I got drenched running from Bethnall Green tube station to the Broadway Bookshop in Hackney, arrived an hour early for the event, and sat dripping into a plate of quinoa and falafel, earwigging a conversation between two guys who wondered whether the waiter was omniscient or omnipresent (I think surly would have been a more appropriate adjective).
The event was organised by Rebekah Lattin-Rawstrone. I read a new short story called If dead fish could blink, which was commissioned for Sheffield Hallam’s annual anthology Matter – out later this year ( it will also feature a new story from Alison MacLeod, and a foreword by Maggie Gee).
Colleen Becker and Melissa Bailey read from novels in progress, which both sounded exciting, and Richard Tyrone Jones read one of the funniest shorts I’ve ever heard – The day everyone in the world’s arseholes disappeared.

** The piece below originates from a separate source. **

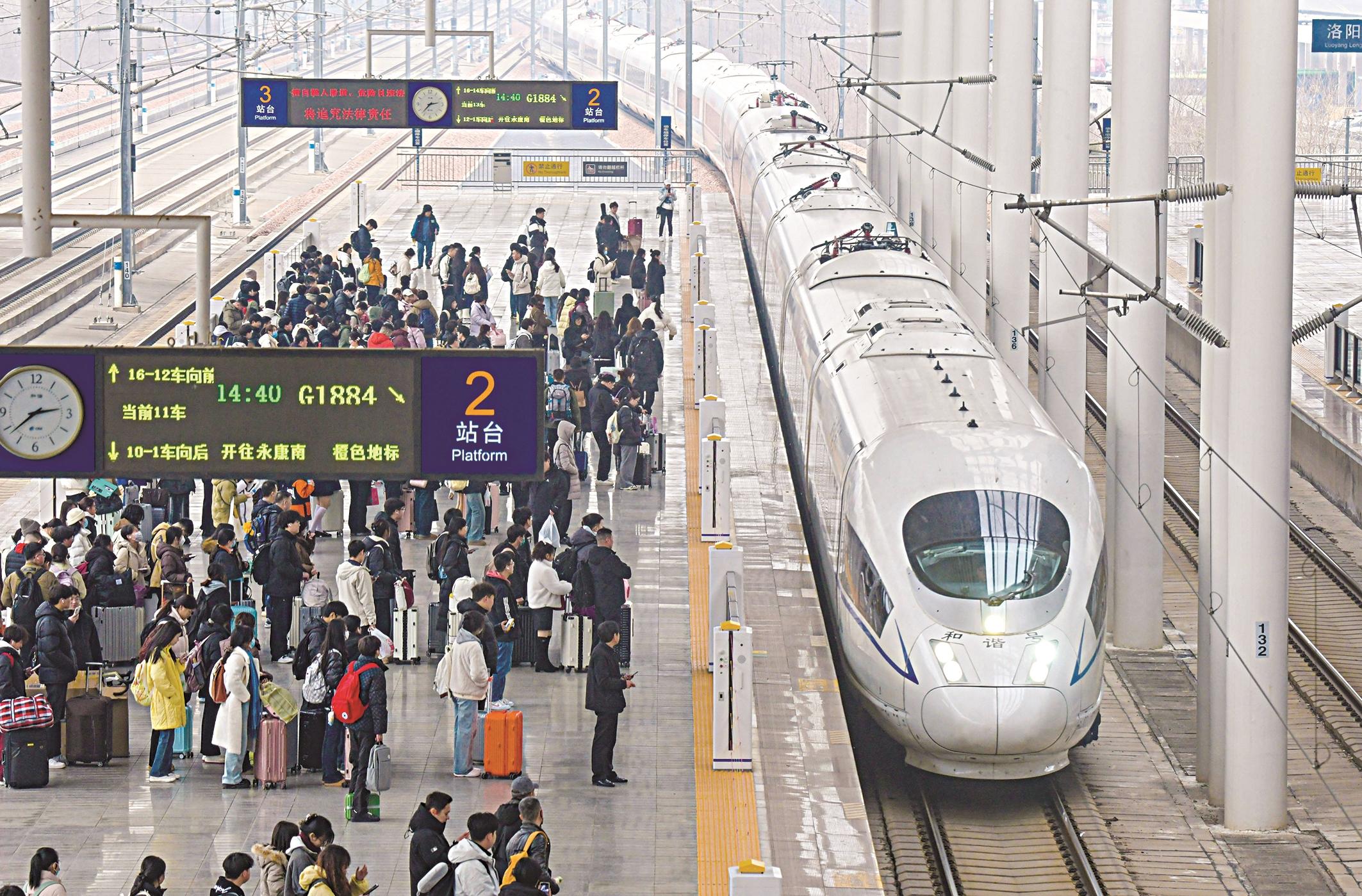 图为2月22日,旅客在河南洛阳龙门站乘车出行。 新华社发(张怡熙 摄)

I got back to Kings Cross station early and went for a wander round St Pancras – I love St Pancras station. Everything there is so shiny it’s like walking five minutes into the future. I hope though that in the real future, it will be possible to find a pint of Guinness at 11pm, which it wasn’t on Tuesday. I had a chocolate shake instead. In the train on the way home, a girl was singing the opening fanfare of the lion king, just the first four seconds, over and over again. Hakuna Matata.